You are viewing a plain text version of this content. The canonical link for it is here.
Posted to apache-bugdb@apache.org by Matthias Loepfe <Ma...@AdNovum.CH> on 1999/07/28 21:51:37 UTC

general/4787: tcp keepalive and ExitAfterIdleTimeout

>Number:         4787
>Category:       general
>Synopsis:       tcp keepalive and ExitAfterIdleTimeout
>Confidential:   no
>Severity:       non-critical
>Priority:       medium
>Responsible:    apache
>State:          open
>Class:          change-request
>Submitter-Id:   apache
>Arrival-Date:   Wed Jul 28 14:10:00 PDT 1999
>Last-Modified:
>Originator:     Matthias.Loepfe@AdNovum.CH
>Organization:
apache
>Release:        1.3.6
>Environment:
SunOS mauro 5.6 Generic_105181-11 sun4u sparc SUNW,Ultra-5_10
>Description:
We are using apache in a filrewall environment.
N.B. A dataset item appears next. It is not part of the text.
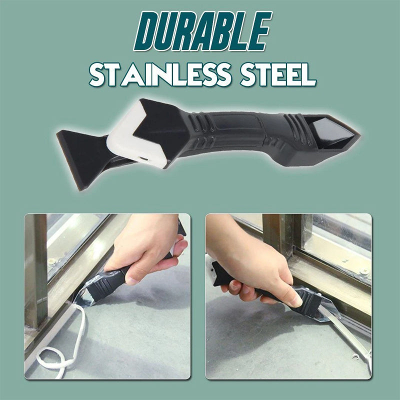 [Praktisk redskap for å påføre tetningsmidler]Dette skrapeverktøyet hjelper til med å tette sprekker og fjerne rester, noe som forbedrer både kvaliteten og utseendet på ulike overflater. Det fungerer som et hjørneskrapeverktøy, et klebrig blad for glass, restefjerner og søm-finishverktøy.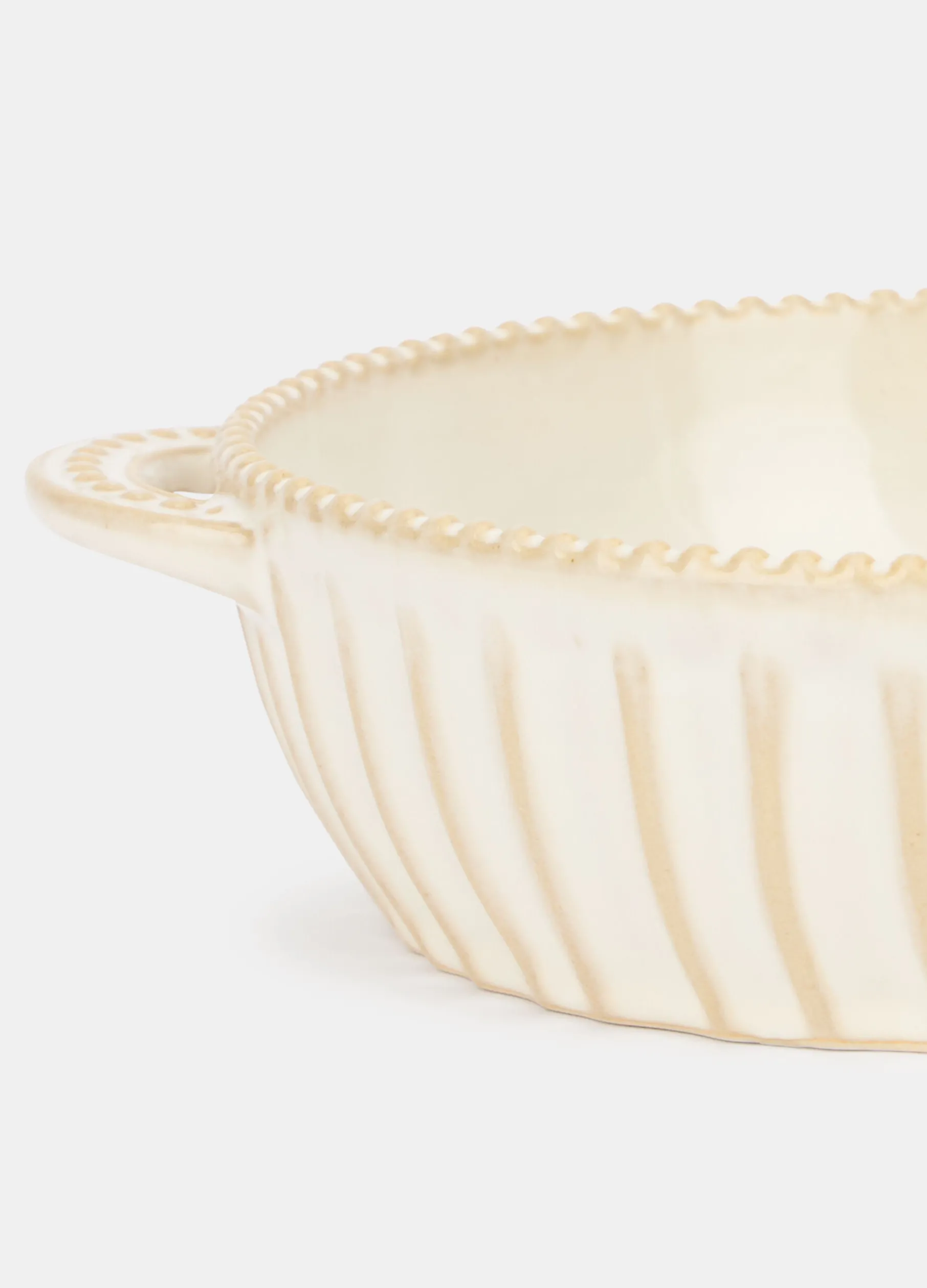 Pirofila elegante realizzata in ceramica bianco avorio con scanalature esterne in una tonalità più scura, che creano un effetto tridimensionale. Ideale per torte salate e sformati, è completata da due manici laterali. Diametro 21 cm; altezza: 5 cm.

More precise between two
firewall (in the DMZ). There we had the problem that the firewall does open
(as the wire get cut) idle tcp connections after certain amount of time (about
60 to 90 minutes).

If there are open tcp connection in a child process which are idle for a long
time, these processes hang forever, because the fw does not 'reset' and the
tcp implementation does not recognise it.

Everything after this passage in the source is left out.